◆ Problem to work on: From the entries below, retype only the lines from the one with "活动现场,融现代与传统为一体" through the one with "listu aloe (Aloe", exactly as written.
** Data to process follows **
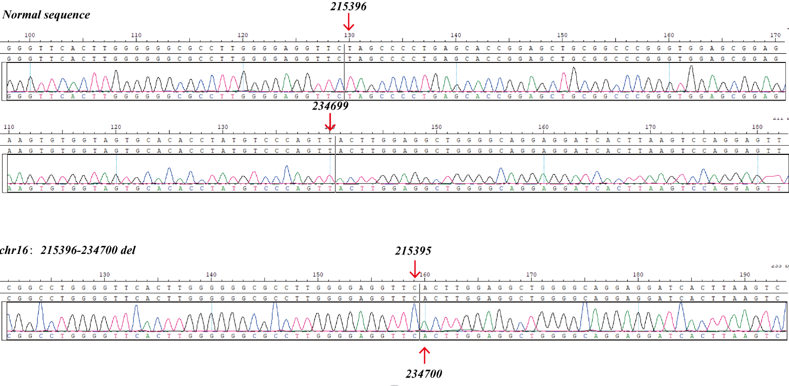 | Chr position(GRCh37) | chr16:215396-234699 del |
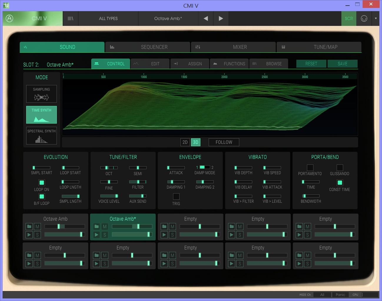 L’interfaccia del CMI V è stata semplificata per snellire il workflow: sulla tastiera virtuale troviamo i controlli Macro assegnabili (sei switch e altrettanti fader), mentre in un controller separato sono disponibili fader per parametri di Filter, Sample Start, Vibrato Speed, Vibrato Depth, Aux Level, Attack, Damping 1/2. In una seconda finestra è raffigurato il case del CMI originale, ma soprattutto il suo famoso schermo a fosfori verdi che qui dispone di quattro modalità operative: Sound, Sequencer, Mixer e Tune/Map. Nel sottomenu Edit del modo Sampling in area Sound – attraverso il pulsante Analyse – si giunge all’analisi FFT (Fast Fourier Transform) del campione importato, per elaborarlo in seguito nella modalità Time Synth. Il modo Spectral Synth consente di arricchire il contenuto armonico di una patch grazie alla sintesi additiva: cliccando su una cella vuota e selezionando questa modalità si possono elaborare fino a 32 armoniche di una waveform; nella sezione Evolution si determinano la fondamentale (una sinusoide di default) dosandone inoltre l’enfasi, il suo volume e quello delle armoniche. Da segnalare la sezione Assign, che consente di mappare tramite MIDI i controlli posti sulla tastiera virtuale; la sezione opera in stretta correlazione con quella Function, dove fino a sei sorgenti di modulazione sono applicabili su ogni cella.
** End of Data to process **
** Data to process follows **
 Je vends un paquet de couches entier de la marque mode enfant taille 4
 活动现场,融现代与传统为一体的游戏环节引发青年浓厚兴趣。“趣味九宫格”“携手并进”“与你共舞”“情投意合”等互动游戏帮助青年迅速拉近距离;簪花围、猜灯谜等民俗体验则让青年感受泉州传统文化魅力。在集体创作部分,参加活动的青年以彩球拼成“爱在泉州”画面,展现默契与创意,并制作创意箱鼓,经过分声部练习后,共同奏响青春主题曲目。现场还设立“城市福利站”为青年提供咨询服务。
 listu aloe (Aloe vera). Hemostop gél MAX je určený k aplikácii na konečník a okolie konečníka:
** End of Data to process **
◆ Solution to this exercise:
 活动现场,融现代与传统为一体的游戏环节引发青年浓厚兴趣。“趣味九宫格”“携手并进”“与你共舞”“情投意合”等互动游戏帮助青年迅速拉近距离;簪花围、猜灯谜等民俗体验则让青年感受泉州传统文化魅力。在集体创作部分,参加活动的青年以彩球拼成“爱在泉州”画面,展现默契与创意,并制作创意箱鼓,经过分声部练习后,共同奏响青春主题曲目。现场还设立“城市福利站”为青年提供咨询服务。
 listu aloe (Aloe vera). Hemostop gél MAX je určený k aplikácii na konečník a okolie konečníka:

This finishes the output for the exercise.